We’re one day closer to Easter, and I can’t seem to get out of the rut of teaching this week. Please hang in there with me – I’ll get back to personal stories, but so much is going on in my life with faith issues, that I really feel the need to share with you. Perhaps that’s because our weekly Bible study starts on Thursday night, May 5th, and I am starting to get amped up about it. In any event, as I focus on this Easter week, I can’t help but think of things that are important to know about the Christian faith.
Another reason I am thinking about this tonight is that earlier today I was speaking with a friend of mine who really does not want anything to do with religion – of any kind. Now I have known Bill for almost thirty years, but for some reason, today, he seemed more resolute than ever about the fact that God does not exist. In fact, for the first time ever, I heard someone refer to themselves as an anti-theist – not just an agnostic, or an atheist, but an anti-theist. And I was sad for my friend.
Now, for those of you who may not know the differences, let me explain. An agnostic is someone who just does not know, and can not affirm or deny the existence of God. The word comes from the Greek “ginosko” which means “to know beyond all doubt” and became the root of the gnostic movement of the first century. The prefix “ag”, in the Greek, means “not”, so in short, we have an agnostic as someone who “does not know” whether God exists. On the other hand, an atheist is one who does not believe in God. Again, from the Greek, “a” means “without” and “theos” (the root of theist) is God. Therefore, we have someone who lives “without God”. Sad, isn’t it?
But it gets even worse. Bill called himself an anti-theist. From above, we already know that “theos” means God, but what about the “anti” part? You guessed it – again from the Greek origins, “anti” has two meanings – either “against” or “in place of”. In either case, we are left with someone who is “against God”, or worships something “in place of God”. (Think antichrist from Revelation, for example.) This just about blew my mind when we spoke today. Now I know that to argue with him, or to try and convince him of the need to have faith and eternal life in Jesus Christ is just about futile. I have been around the block with him on those issues, and he has suffered the loss of his wife to cancer, and even has a minister in the family who has sparred with my friend for many years – all to no avail.
And I don’t think that this is a case of anger with God – Bill just does not see any evidence that God exists. And as you have heard me say before, at some point in your spiritual walk, it is necessary to take a step, not even a leap, of faith. For some reason, he can’t get there from here. Oddly, I have a peace about it; and I realize that may sound strange to you. Certainly, I don’t want him to spend eternity in hell; or to never know the saving grace of Jesus Christ, but this is going to take God working on his heart, through the agency of the Holy Spirit, before he can even possibly accept Christ as his Lord and Savior.
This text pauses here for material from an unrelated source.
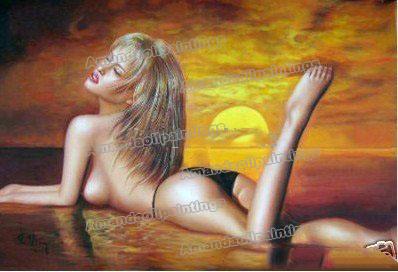 A Girl Lying At The Sea Sun Background Canvas Nude Oil Paintings |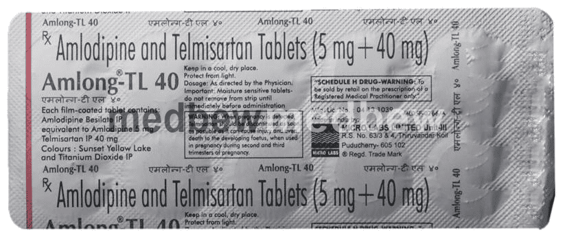 Amlong-TL 40 Tablet contains two medicines, both of which help to control high blood pressure. It lowers the blood pressure by relaxing the blood vessels and making it easier for your heart to pump blood around your body. This will reduce your risk of having a heart attack or a stroke.

And this brings me to another point; and that is that only God can save. I really have a problem with people who tell me how many people they have “saved”. Because in my mind, the answer is always zero. No human being has ever saved anyone – although God may have used them to bring the Good News of Jesus Christ to the unsaved. But saving – that is a God sized job, and we just can’t do that.
Although it took me a long time to get here tonight, this brings me to this evening’s verse. And it’s a great one, from Ephesians 3:14-19, “For this reason I kneel before the Father, from whom his whole family in heaven and on earth derives its name. I pray that out of his glorious riches he may strengthen you with power through his Spirit in your inner being, so that Christ may dwell in your hearts through faith. And I pray that you, being rooted and established in love, may have power, together with all the saints, to grasp how wide and long and high and deep is the love of Christ, and to know this love that surpasses knowledge—that you may be filled to the measure of all the fullness of God.”
Now, at the risk of teaching one additional minute, note that I have highlighted “know” in the Scripture. I thought that you might appreciate that this is the word “ginosko” from the Greek, which I explained above. In other words, Paul wants us “to know with certainty beyond any doubt” the love of Christ that surpasses knowledge. And I can rest in that – so can you!
So my encouragement is that you have a God who loves you beyond your understanding and knowledge; and my prayer is that my friend may come to have that kind of knowledge some day. So, if you have a moment, maybe you can shoot up a quick prayer that the Holy Spirit may continue the work of softening my friend’s heart so that when God sees fit, we can welcome another member into the eternal community of Jesus Christ, Lord and Messiah. Have a great day in the Lord!